Still, even without OS command execution at our disposal, we can set Unix script file permissions using FILENAME statement’s PERMISSION= option. Then our above filename statement will look like this:

filename b '/sas/code/project1/program1.sh'
   permission='A::u::rwx,A::g::r-x,A::o::---';

However, it is important to realize that your ability to fully control file permissions via FILENAME statement’s PERMISSION= option is still restricted by the Unix umask value set by your IT system administrator. But usually, it is not overly restrictive, at least for the purpose of creating executable files in the environments I have worked with.

The double benefit of the FILENAME statement’s PERMISSION= option is that it can be used for setting up file permissions in any SAS installation whether the XCMD system option is enabled or disabled.

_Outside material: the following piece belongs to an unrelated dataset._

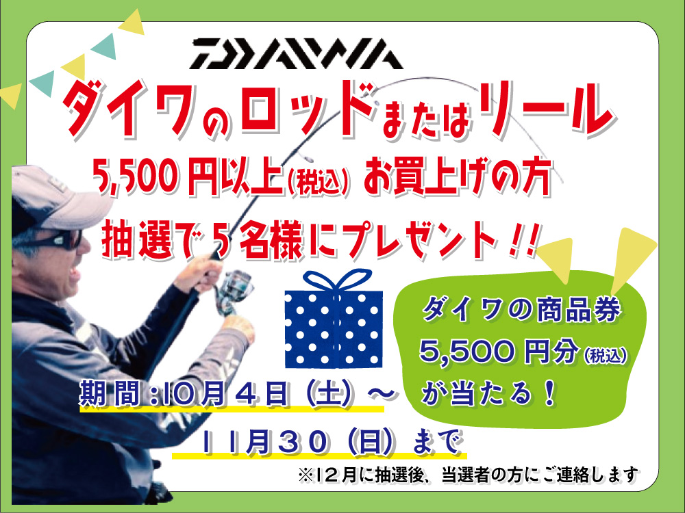 DAIWA ロッドまたはリールをお買上げの方に商品券をプレゼント 🎉

SAS macro to create batch script files

Let’s wrap all the above SAS code pieces into a SAS macro that writes batch scripts. Here is the macro code definition:

%macro write_shell(code);
   %let fdir = %substr(&code,1,%sysfunc(findc(&code,/,b)));
 
   options dlcreatedir;
   libname _flib "&fdir";
   libname _flib;
 
   %let core = %substr(&code,1,%eval(%length(&code)-4));
   filename _fout "&core..sh" permission='A::u::rwx,A::g::r-x,A::o::---'; 
   data _null_;
      file _fout;
      put
         '#!/bin/sh' //
         'now=$(date +%Y.%m.%d_%H.%M.%S)' /
         "pgmname=""&code""" /
         "logname=""&core._$now.log""" /
         'sas $pgmname -log $logname'
         ;
   run;
   filename _fout;
%mend write_shell;

The single macro parameter (code) represents full path name of your SAS code. And here is a macro invocation example:

 
%write_shell(/sas/code/project1/program1.sas)

The assumption here is that the script file gets created in the same directory as the relevant SAS code and SAS logs for each of the batch runs. It will be assigned the same name as your SAS program, only with the .sh name extension. As you can see, we do some string parsing to derive directory name, script file name and SAS log file name from the single macro parameter representing full path name of your SAS code. As an added bonus, if a specified directory (/sas/code/project1/) does not yet exist, it will be created by this macro. DLCREATEDIR System Option (along with the two subsequent libname statements) are responsible for the directory creation.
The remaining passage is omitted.